What role did Westminster play in leading you to your current position/studies?

I don’t think I would have gotten the same unique, useful, and inspiring undergraduate experience anywhere else other than Westminster. When it comes to my Education degree, compared to other college education programs, I am certain that I had many more real-world, hands-on, and technical opportunities for experiences to put the theoretical perspectives and research that I learned into practice.

What do you consider your greatest success?

I have been very fortunate the past two years in my school and district to be involved in curriculum writing, leading professional development sessions, and attending conferences to promote my own learning as a teacher. I am most proud of helping with the application process to help my school win two national Promising Practice awards from Character.org, a leading organization in teaching positive character traits. Last October, I attended the National Character Conference in Washington, D.C. with a colleague and my principal to be recognized for winning these awards.

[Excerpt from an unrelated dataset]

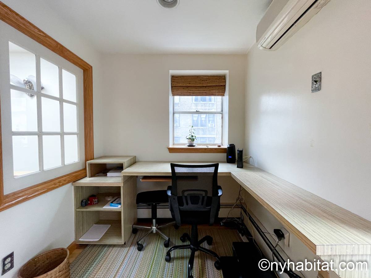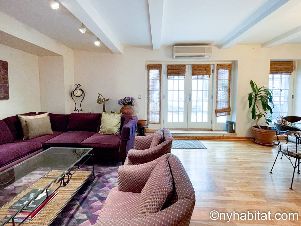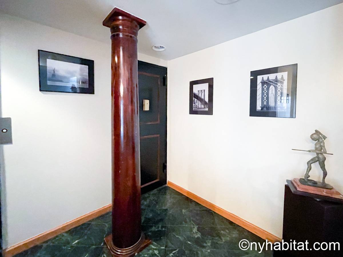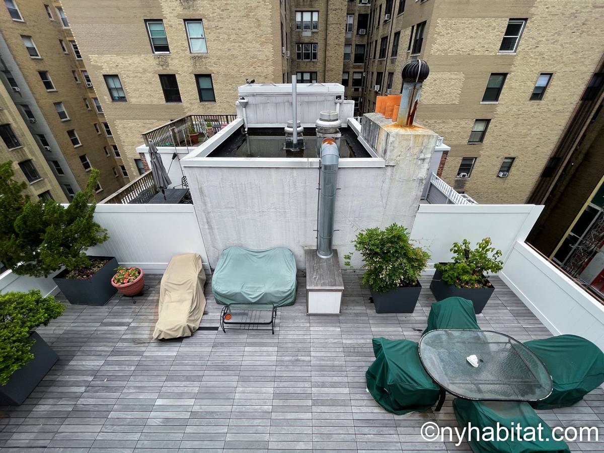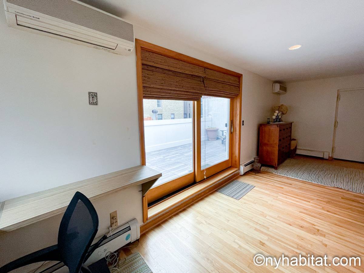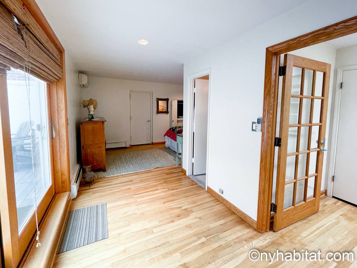 Como para la mayoría de los neoyorquinos, no es habitual que el ascensor dé directamente al apartamento. Al entrar en este edificio construido en los años 30, uno se siente y vive como un auténtico neoyorquino. Este apartamento dúplex está situado en las plantas sexta y séptima del edificio (plantas cinco y seis para los europeos). En el salón, lo reciben unas puertas que lo llevan al exterior, a la terraza. El salón cuenta aire acondicionado. En la cocina, tiene una nevera y congelador, microondas, cafetera, tostadora, lavavajillas, una estufa de cuatro quemadores con un horno, y una ventana para mirar hacia fuera recordándole que está cocinando con una vista de Manhattan. Los dos dormitorios están con un aire acondicionado y ventanas. Los cuartos de baño disponen de un combo de bañera-ducha, un váter, un espejo y un lavabo con espacio debajo para artículos de aseo.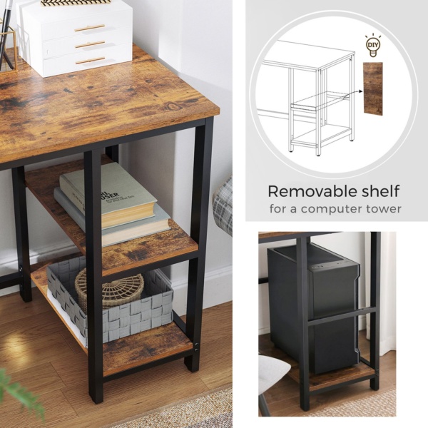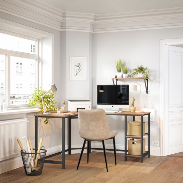 Sėskite prie stalo, kuris daro tokį pat gerą įspūdį kaip ir jūsų darbas. Šis pramoninio dizaino kompiuterio stalas turi juodą metalinį rėmą, vintažinės išvaizdos paviršių ir lentynas. L formos biuro baldą (138L x 138W x 75H cm) galima įrengti beveik bet kuriame biure, kur reikia vietos taupančios alternatyvos gremėzdiškiems milžiniškiems stalams. Stalą naudokite rašymui, darbui, žaidimams, mokymuisi ar kitai mėgstamai veiklai.

I was also recently honored to receive an award for being an Outstanding Beginning Educator from the Missouri Association of Colleges for Teacher Education. This award was one that only 59 new teachers within their first two years of teaching received out of about 8,000 total new teachers certified in the state of Missouri in the past two years.

What are your future goals?

In the future, I would like to go back to school to get my doctorate, either in administration or education, in order to be a principal somewhere or teach college students how to be successful teachers.

Do you recommend Westminster to prospective college students?

Yes. A thousand times yes. The reason it appealed to me was the personal, authentic, and homey feeling that I got when I first set foot on campus. There is something about being a name and not a number that was very valuable to me. And despite being a small school, they still provide every opportunity for young adults to grow, network, learn, and flourish.

It was because of the personal, “at-home” feeling of love and support I got from those around me at Westminster that I was able to become as well-rounded as I am now. I truly believe that it was because of Westminster that I have become a “critically aware, life-long learner and leader of character,” who is “committed to the values of integrity, fairness, respect, and responsibility;” and Westminster has prepared me for a life of “success, significance, and service.”

Favorite Westminster faculty member?

Honestly, there are too many great faculty members to name just one “favorite.” I learned something very valuable from each faculty member with whom I had a class (and even some things from faculty/staff that I did not). Some of the most influential people from my college experience at Westminster have been: Bob Cowles, Cinnamon Brown, Keith Hardeman, Barri Bumgarner, Sue Serota, Jim Concannon, Tracey Braden, and Maureen Tuthill, and a few who are no longer at Westminster.

I had such a great experience at Westminster and found so much support and enlightenment from each of these people. Those authentic relationships that we built together are the crucial piece to any life-changing educational experience.

Favorite spot on campus?

There is a really nice little place in Coulter Science Center at the end of one of the science hallways with large open windows and couches. During sunny days, that was one of my favorite places to go to study, read, or relax, just because it was quiet, bright, and warm.

Favorite way to spend a Sunday?

Reading, cleaning my house, watching Netflix, arts and crafts. In general, my favorite way to spend a Sunday is doing whatever it is that will relax me and put my mind in the right state for the upcoming week.